◆ **Extracted information**
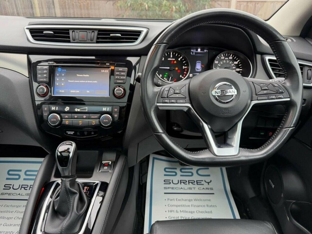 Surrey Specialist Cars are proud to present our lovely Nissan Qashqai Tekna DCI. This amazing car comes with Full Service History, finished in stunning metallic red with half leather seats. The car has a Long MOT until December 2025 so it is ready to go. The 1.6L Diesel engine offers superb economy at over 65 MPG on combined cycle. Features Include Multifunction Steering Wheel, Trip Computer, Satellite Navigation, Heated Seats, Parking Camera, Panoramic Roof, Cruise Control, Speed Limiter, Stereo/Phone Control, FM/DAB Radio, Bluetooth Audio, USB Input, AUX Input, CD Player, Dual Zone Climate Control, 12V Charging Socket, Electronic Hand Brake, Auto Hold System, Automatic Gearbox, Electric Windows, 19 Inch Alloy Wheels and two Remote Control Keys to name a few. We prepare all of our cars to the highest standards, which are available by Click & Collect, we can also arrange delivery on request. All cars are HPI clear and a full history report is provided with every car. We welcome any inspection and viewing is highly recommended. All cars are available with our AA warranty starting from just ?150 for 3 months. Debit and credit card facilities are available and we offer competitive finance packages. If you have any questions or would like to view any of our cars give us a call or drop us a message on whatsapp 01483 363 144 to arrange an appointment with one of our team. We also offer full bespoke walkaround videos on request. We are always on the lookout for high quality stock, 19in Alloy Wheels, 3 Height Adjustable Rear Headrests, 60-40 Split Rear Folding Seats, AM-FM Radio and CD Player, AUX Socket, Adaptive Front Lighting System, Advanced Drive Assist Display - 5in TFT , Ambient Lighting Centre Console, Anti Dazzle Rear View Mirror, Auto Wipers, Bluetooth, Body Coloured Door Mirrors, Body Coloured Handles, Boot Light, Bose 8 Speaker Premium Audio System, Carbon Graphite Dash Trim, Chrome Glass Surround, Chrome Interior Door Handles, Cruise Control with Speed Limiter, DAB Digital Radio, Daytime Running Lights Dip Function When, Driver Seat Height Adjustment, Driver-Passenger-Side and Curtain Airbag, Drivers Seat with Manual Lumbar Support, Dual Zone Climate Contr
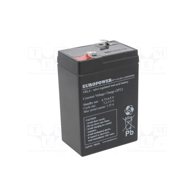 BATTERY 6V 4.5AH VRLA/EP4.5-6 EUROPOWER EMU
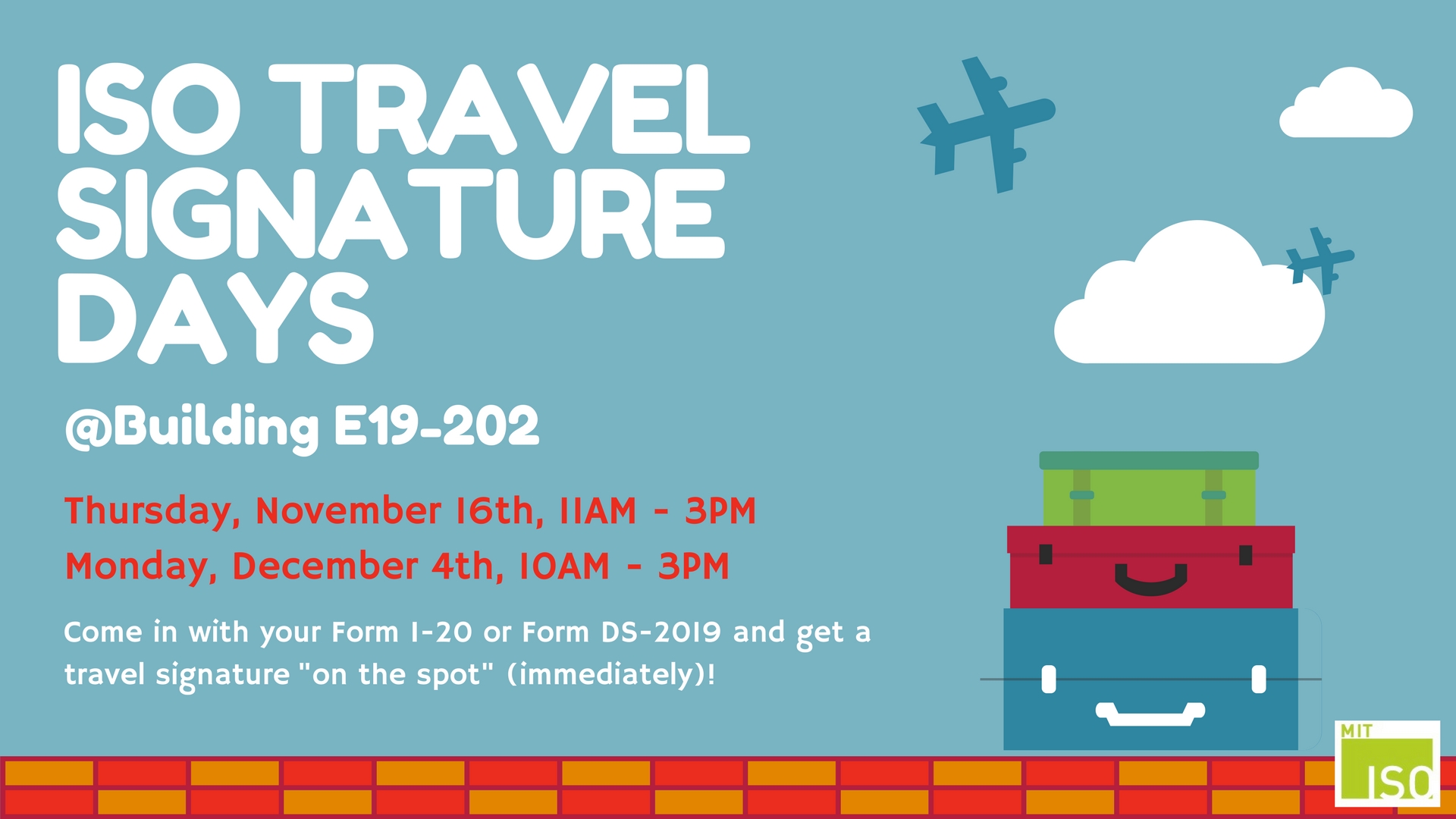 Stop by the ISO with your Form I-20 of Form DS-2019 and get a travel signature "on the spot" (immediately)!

--

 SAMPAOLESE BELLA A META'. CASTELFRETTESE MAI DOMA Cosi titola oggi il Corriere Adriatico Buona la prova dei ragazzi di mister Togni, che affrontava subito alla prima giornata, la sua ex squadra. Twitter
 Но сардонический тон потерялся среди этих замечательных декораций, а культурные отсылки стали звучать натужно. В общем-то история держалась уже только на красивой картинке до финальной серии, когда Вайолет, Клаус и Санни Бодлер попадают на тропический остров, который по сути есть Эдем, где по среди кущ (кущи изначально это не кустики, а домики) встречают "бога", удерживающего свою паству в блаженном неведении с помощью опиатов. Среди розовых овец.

◆ **Prompt**
Starting at the line that has "SAMPAOLESE BELLA A" in the records above, restate word for word every line until the one that has "Но сардонический тон", and include that one as well.

◆ **Answer area**
 SAMPAOLESE BELLA A META'. CASTELFRETTESE MAI DOMA Cosi titola oggi il Corriere Adriatico Buona la prova dei ragazzi di mister Togni, che affrontava subito alla prima giornata, la sua ex squadra. Twitter
 Но сардонический тон потерялся среди этих замечательных декораций, а культурные отсылки стали звучать натужно. В общем-то история держалась уже только на красивой картинке до финальной серии, когда Вайолет, Клаус и Санни Бодлер попадают на тропический остров, который по сути есть Эдем, где по среди кущ (кущи изначально это не кустики, а домики) встречают "бога", удерживающего свою паству в блаженном неведении с помощью опиатов. Среди розовых овец.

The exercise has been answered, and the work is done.